Have you ever played a racing game that handled so poorly that it actually went full circle, with the controls suddenly becoming a sort of unique difficulty curve to the game? No, of course you haven’t – such a thing can’t possibly exist. Well, until now that is. Imagine having to race using the Warthog from Halo. Then crank up the drift-o meter just that little bit extra, and you’ve got Mini Motor Racing EVO. Although it initially feels sloppy, this Micro Machines-inspired racer slowly begins to win your trust as you plug away at its mental controls.

Mini Motor Racing EVO

From the moment you start your first race, you’ll screw your face up in disgust. Mini Motor Racing EVO handles like a dog, meaning you’ll regularly mistime corners and drift around the outside, then nitro boost into some scenery and end up right at the back of the pack. But there’s something strangely compelling about mastering the game’s controls. There are so many quirky nuances compared to other racers: for example, if you hit pretty much anything, or even scrape the side of your car as you slide around a bend, you’ll come to a near-complete stop. This forces you to really perfect corners and make sure you don’t just slam into the surroundings.

It doesn’t stop there either. If you hit an obstacle on the track, like a tire or a cone, you’ll slow right down or even flip out from your preferred direction.
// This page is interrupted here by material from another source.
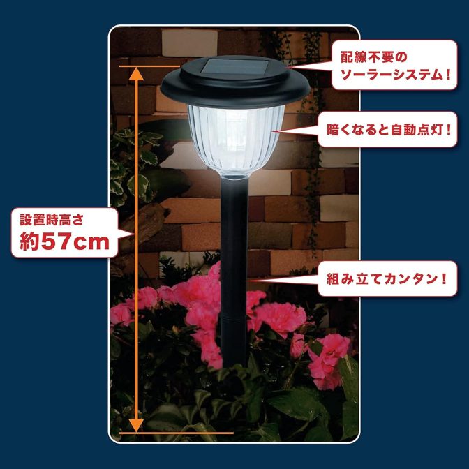 - ★【商品内容】ガーデンライト3個組(リチウムイオン充電池内蔵)、付属品:差し込みアンカー、 取扱い説明書(保証書付き)。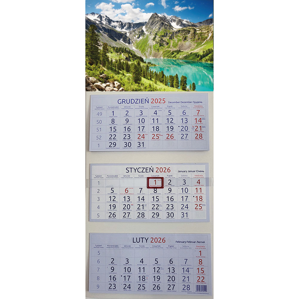 - kalendarium: PL/GB/D/RUS/FR, imieniny i święta, fazy księżyca i zachody słońca, na dole kalendarium plan całego roku

Hitting other racers is the worst, as it feels like you’re being dragged away with the tide, and you’ll end up way behind the race leaders as a result. The controls can sometimes be a little unbearable. Go around a bend at too wide of an angle, for example, and it’s actually possible to get stuck against the side and have to follow it around, rather than pulling away and using the shortest path to victory.

Mini Motor Racing EVO

The vast selection of maps offers hundreds of different tracks to choose from, in addition to a level editor and Steam Workshop support: meaning you’ll potentially be downloading new tracks forever. Although the majority of them are pretty forgettable, the Team Fortress 2, Portal 2, and Fruit Ninja tracks are really lovely.

As you play through the game, you’ll receive cash that can be used to purchase upgrades for your car. It’s a weird system, because it feels very unbalanced – you’ll be destroying the opposition in one race, and then losing hopelessly in the next. Unfortunately the upgrades don’t always give you the boost that you need to overcome this, and you may have to go back and grind previous levels. The game also tries to artificially lengthen the experience by increasing the number of laps you have to go in later levels, which is just hugely annoyingly. There’s really no reason for it, given that there are already hundreds of tracks to beat in the first place.

Mini Motor Racing EVO

Mini Motor Racing EVO is a strange beast. Those looking for an online multiplayer racer to hack away at with friends may find its quirks enjoyable enough. But if you’re looking for a more solid release, this isn’t what you’re after.